Nous sommes arrivés au camp vers 9h. A midi, soupe : une cuillerée à
soupe de choux rouges mélangée de pommes de terre non épluchées.. et
c'est tout. L'après-midi, douche, désinfection des effets. Nous sommes
tondus, étiquetés, numérotés (85051), photographiés, mesurés et nos fiches
remplies. Le docteur m'a donné une fiche bleue pour ma diarrhée afin que
je rentre à l'infirmerie demain ; Besnier en a une également. Le soir, une
autre cuillerée de la même soupe.
Comme nous sommes présumés malades, nous couchons dans une salle à
part avec des pouilleux et galeux, sur le ciment, sans couverture.
Dimanche 1er septembre : Depuis 3 à 4 jours, il fait très froid, avec grand
vent. Nous nous occupons de nous confectionner des effets chauds pour
l'hiver avec de vieilles couvertures : gants, chaussons, ceinture,
passe-montagne.
Mais il faut du fil. Notre camp est mitoyen avec un camp de triage, dont
nous sommes séparés par une triple clôture de barbelés de 4m de hauteur.
Tous les soirs à 5h, de chaque côté de la clôture, les prisonniers des deux
camps se rassemblent pour des échanges ; c'est une véritable bourse. Ce
sont nos biscuits qui servent de monnaie. Un paquet de cigarettes Troupe
valait il y a quatre jours 70 biscuits, un paquet de Gauloises 80 et un
paquet de tabac 100. Aujourd'hui, devant la rareté de l'offre, il faut payer
un paquet de tabac 150 biscuits, une paire de chaussettes 60 et un caleçon
150.
J'ai obtenu, pour 80 biscuits, 3 cartes de fil et 10 aiguilles ; c'est une
affaire, je vais pouvoir coudre. L'argent Français est très déprécié, un
paquet de Gauloises vaut 125 f. Il y a deux mois une pomme de terre valait
100 f. Des anglais ont payé une cigarette 1£. Dans le camp de triage, les
prisonniers sont classés suivant leur profession et envoyés travailler en
usines, fabriques ou fermes. J'ai demandé à aller travailler aux vignes ou
dans une exploitation forestière dès que je pourrai sortir d'ici.
Dimanche 8 : Deux semaines que je suis ici. Ma 1ère analyse est négative ;
la 2ème est partie. Dès que le résultat sera revenu, je quitterai l'infirmerie.
Aujourd'hui, nous avons organisé un concert avec des prix aux chanteurs.

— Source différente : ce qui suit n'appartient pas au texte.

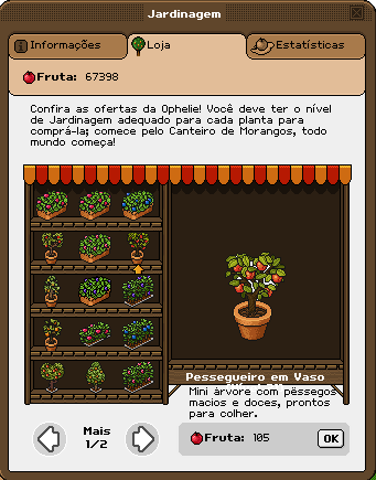 Para plantar, basta você abrir a Loja (no mesmo BOT "Ophelie") que está ao lado esquerdo das "Estatísticas" e comprar a respectiva planta de acordo com a quantidade de "Frutas" que você possui! Ressalva-se, as frutas, são como uma "moeda" da jardinagem e podem ser conseguidas plantando, tal como você só consegue comprar a fruta respectiva de seu nível!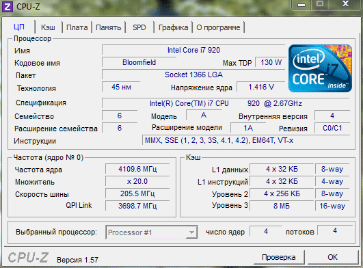 | Процессор (ядро) | Intel Core i7 (Bloomfield) |
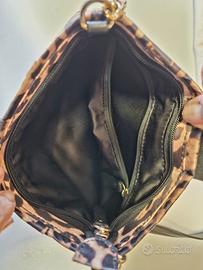 Questa borsa firmata Victoria's Secret è l'accessorio ideale per chi desidera aggiungere un tocco grintoso e sofisticato al proprio outfit. Caratterizzata da un'intramontabile stampa animalier (leopardata) su tessuto dalla finitura leggermente satinata, combina estetica glamour e funzionalità quotidiana. dettagli del design Logo Iconico: Il frontale è impreziosito da una patta in ecopelle nera su cui spicca il maxi monogramma "VS" in metallo dorato, simbolo inconfondibile del brand. Tracolla Elegante: La borsa dispone di una tracolla regolabile in similpelle nera, collegata al corpo della borsa tramite raffinate catene a maglia ritorta color oro, che aggiungono un punto luce prezioso. Struttura Morbida: Il design leggermente arricciato alla base della patta conferisce alla borsa un volume morbido ma capiente. organizzazione interna Scomparti: L'interno, completamente foderato in tessuto nero, è estremamente organizzato. Dispone di un divisorio centrale con chiusura a zip che funge da tasca sicura per gli oggetti di valore. Chiusura Principale: La borsa si chiude con una zip superiore coordinata per garantire la massima sicurezza del contenuto. stile e abbinamenti Grazie alla sua versatilità, può essere indossata come crossbody per un look casual-chic con jeans e maglione (come mostrato nelle foto), oppure portata a spalla per una serata più elegante. La stampa leopardata si abbina perfettamente a colori neutri come il nero, il verde bosco o il cammello. Prezzo trattabile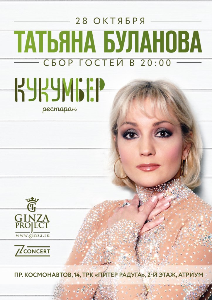 Многогранность ее таланта поражает – певица, актриса, ведущая, писательница, народная артистка России и обладательница престижных музыкальных наград выступит в ресторане «Кукумбер».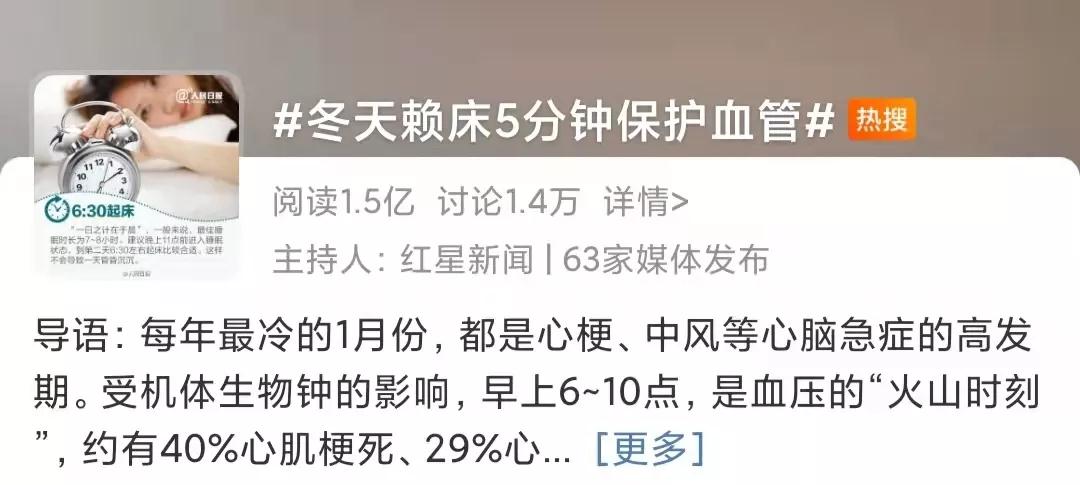 冬天尤其是每年较冷的1月份,都是心梗、中风等心脑急症的高发期。受机体生物钟的影响,早上6~10点,是血压的“火山时刻”,约有40%心肌梗死、29%心脏性猝死在此时发生。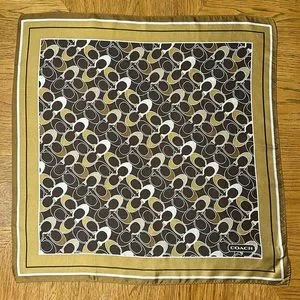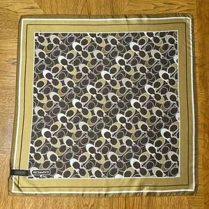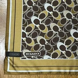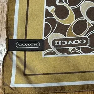 Gold, brown and bronze colored Coach Signature Silk Scarf. Has one small run shown in pictures but no snags or stains. Size 21” x 21”.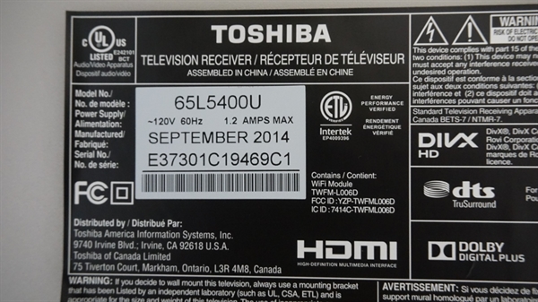 THIS PART WAS PULLED FROM TOSHIBA 65" LED TV, MODEL # 65L5400U, UNIT WORKING COMPATIBLE ALL MODEL # BELOW.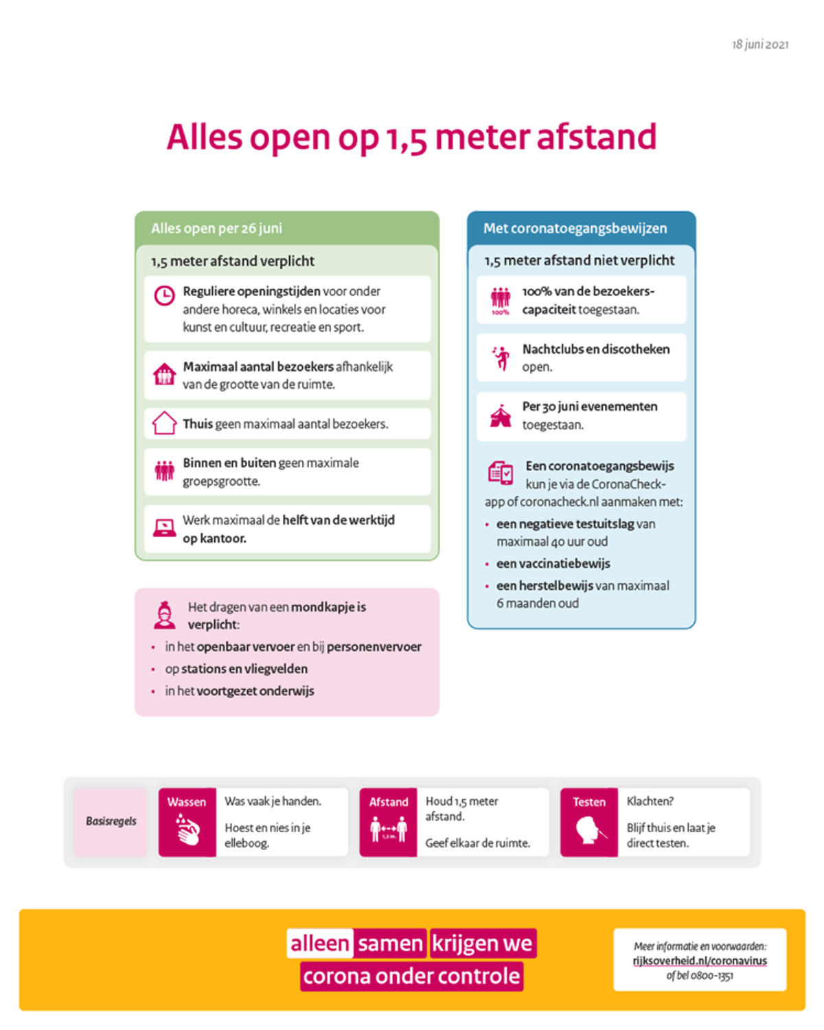 Vanaf 26 juni mag u 1 klant per 5m2 ontvangen in uw winkel of showroom waar dat nu nog per 10m2 geldt. Heeft u een horeca-voorziening? Dan mag deze weer volledig open, wel met inachtneming van de anderhalve meter, gezondheidscheck en placering. Als u een evenement wilt organiseren, dan mogen eendaagse evenementen weer. De vergunning plichtige evenementen mogen weer vanaf 30 juni. Meerdaagse evenementen mogen nog niet. De anderhalve meter-regel mag overigens worden losgelaten bij een evenement als alle klanten of gasten in de corona-app kunnen laten zien dat zij gevaccineerd of getest zijn.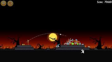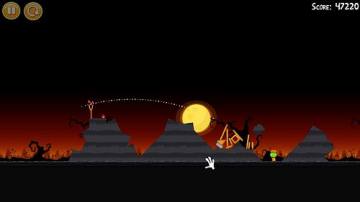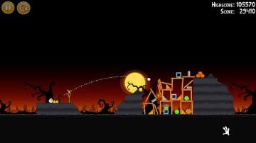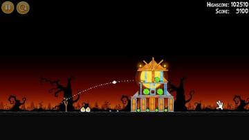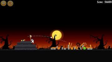 1-27:头两只鸟都如图方式拆掉左下角砖块和反弹摧毁上面的建筑结构,然后加速鸟穿过底下的木框,上面的建筑会倒下砸烂底下的两只猪,并且砸烂一定数量的南瓜,搞定!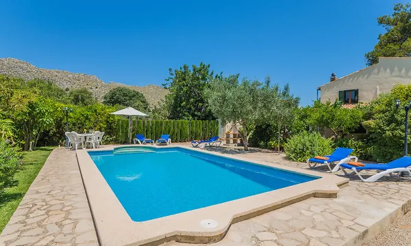 Country house "Cuxach d´en Joan". Outside the resort, 1.7 km from the centre of Pollença, 5 km from the sea, in a cul-de-sac. Private: property 3'500 m2, garden 90 m2 wildlife garden and trees, swimming pool (4 x 8 m, seasonal availability: 15.Mar. - 07.Nov.). WC in the pool area, shower/WC in the pool area, outdoor shower, pergola (24 m2), barbecue, parking at the house. Shop 1.5 km, grocery 1 km, restaurant 1 km, bus stop 1 km, railway station 14 km, sandy beach 5 km pebble beach 5.5 km, rocky beach 7.5 km. Golf course (18 hole) 3.5 km, tennis 1.2 km, riding stable 1.5 km. 5-room house 140 m2. Practical and rustic furnishings: living room with satellite TV. 1 room with 2 beds (90 cm, length 190 cm), air conditioning. Kitchen (4 hot plates, oven, dishwasher, microwave, freezer) with dining table. Bath/bidet/WC. Air-conditioning, forced-air heating. Upper floor: 1 room with 2 beds (90 cm, length 180 cm), air conditioning. 1 room with 1 french bed (135 cm, length 190 cm), air conditioning. 1 room with 1 french bed (150 cm), air conditioning. Bath/bidet/WC. Terrace furniture, barbecue, deck chairs (6), covered balcony. Facilities: washing machine, children's high chair, baby cot for up to 2 year olds. Internet (WiFi). ETV1088 // Reg. Nr.: ESFCTU00000703000032897500000000000000000000ETV/10883

Le 1er prix est bien entendu un morceau de pain de 200g environ. C'est un
prix important, car il y aurait preneur pour 20Pf. Les autres prix sont des
pastilles, cigarettes, coco, antésite et un radis noir. Il y a eu 12 chanteurs,
j'étais président du jury. Il y a eu bien entendu des prix pour tous les
chanteurs et j'ai moi-même été gratifié d'une bouteille d'antésite pour
mettre dans l'eau.
Ayant entendu dire que les inaptes définitifs ont une chance de rentrer en
France avant l'hiver, Besnier, Daubas et moi demandons à passer la visite
devant le major allemand. Nous sommes tous les trois reconnus inaptes au
travail et nous obtenons notre carte. Diagnostic : dysenterie et malaria,
c'est-à-dire paludisme.
Samedi 21 : Je suis au camp des inaptes depuis une semaine. Nous n'avons
rien à faire, mais le confort manque, mal couchés et surtout nourriture
insuffisante. Une cuillerée par repas d'un rata trop clair avec quelques
carottes et pommes de terre non épluchées. Hier, macaronis à la confiture,
le tout en forme de sauce, impossible de le manger. 50 biscuits ou 200g de
pain par jour. Nous avons toujours faim et c'est très pénible. J'achète 1 kg
de pain 60fr et un paquet de tabac blond 50fr. Les colis commencent à
arriver, mais en totalité des régions occupées. Dailleux, de Mussidan, a
reçu 4 à 5 colis, quelques-uns intacts, d'autres pillés. Réflexion d'un
Bergeracois : « quand nous rentrerons nous trouverons la femme pleine et
les barriques vides ».
La fin août et début septembre avaient été froids avec un vent assez
violent. Nous avons maintenant une fin de septembre magnifique avec les
coteaux boisés de sapins qui me rappellent nos pignadas ; la campagne
environnante ressemble aux campagnes charentaises et, pourtant, nous
sommes à quelques km de la frontière hongroise. Nos gardiens sont en
majorité des autrichiens et nous ne sommes pas mal traités.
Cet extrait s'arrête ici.